Obviously, the only reason anyone would play a video game like that is because it's the only way you can act on your heart's true desire, that of being a roided-up white bioterrorism agent who gets to mow down fields of untermeschen.
Well, I remember a long while back I saw a trailer for that, and it was a white guy going into some African slum, blowing away the scary black zombies and monologuing
about how he didn't even know if the place was worth saving.
So, I said on some message board that the whole thing was a little bit funky, and the response was pretty much
"Anybody who says this makes them uncomfortable is saying Capcom is in bed with the KKK, and since they're obviously not, anybody who doesn't like it is obviously a liberal kook"
Nothing in this country can ever be a little bit racist. It bothers me that I have to walk on eggshells and come up with weird euphamisms like "racially insensitive" to explain why I think it's weird to have a white guy blow away a bunch of feral black slum dwellers while he talks about how the slum dwellers probably don't deserve to be saved from the zombie hoard.
It bugs me, man.
District 9 was awesome. It is, in fact, less about apartheid per se than the continuous present. "I want the power in that arm."
John Caruso seems to have expected Gallipoli.
Nope, I just expected more than a mashup of Alien Nation, Starship Troopers, and Amistad. If what you got is all it takes to make you happy, though, good for you.

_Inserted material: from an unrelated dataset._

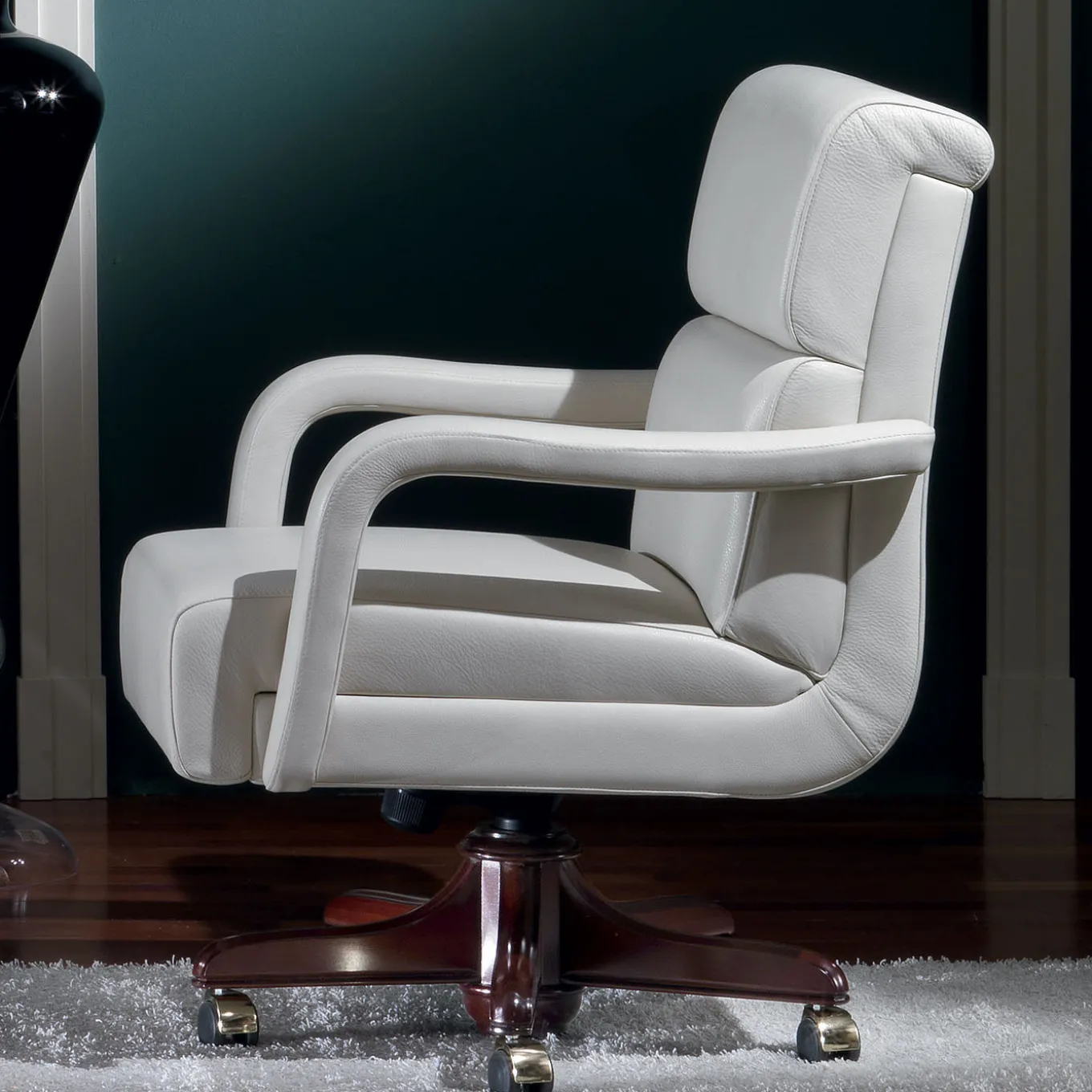 Poltrona girevole di lusso in stile classico con struttura in legno di faggio. L’altezza del sedile è regolabile e il meccanismo di oscillazione aiuta a mantenere una gamma completa di movimenti, bilanciando la postura. È imbottita con fettucce e schiuma di qualità superiore. Il rivestimento esalta particolarmente il lusso di questo modello e sottolinea il design avvolgente: la pelle di toro conciata riflette un’eleganza riservata. Sono disponibili altri colori di pelle, contattando il nostro Concierge.

Thanks for the hilarious "jumps on the 'racist depiction of Nigerians' bandwagon"/"soft-hearted lefty Americans who wish to avoid truths" bit, by the way; after the howls of outrage I got for this, I really appreciate the irony.
@Christopher
It seems you're criticizing RE5 for being racist, while complaining that nothing can be a little bit racist. Truly confusing.
Christopher, dude, you're killing people in that game because they're zombies, not because they're black. Unless someone is going to say that it's racist to set the game in Africa to begin with, I don't see why accepting the horror/sci-fi premise has to mean anything whatsoever about race relations in the real world. Most people understand that it is ultimately a work of fiction, y'know...
John C.: let it not be said that I am entirely unreasonable. I like the link.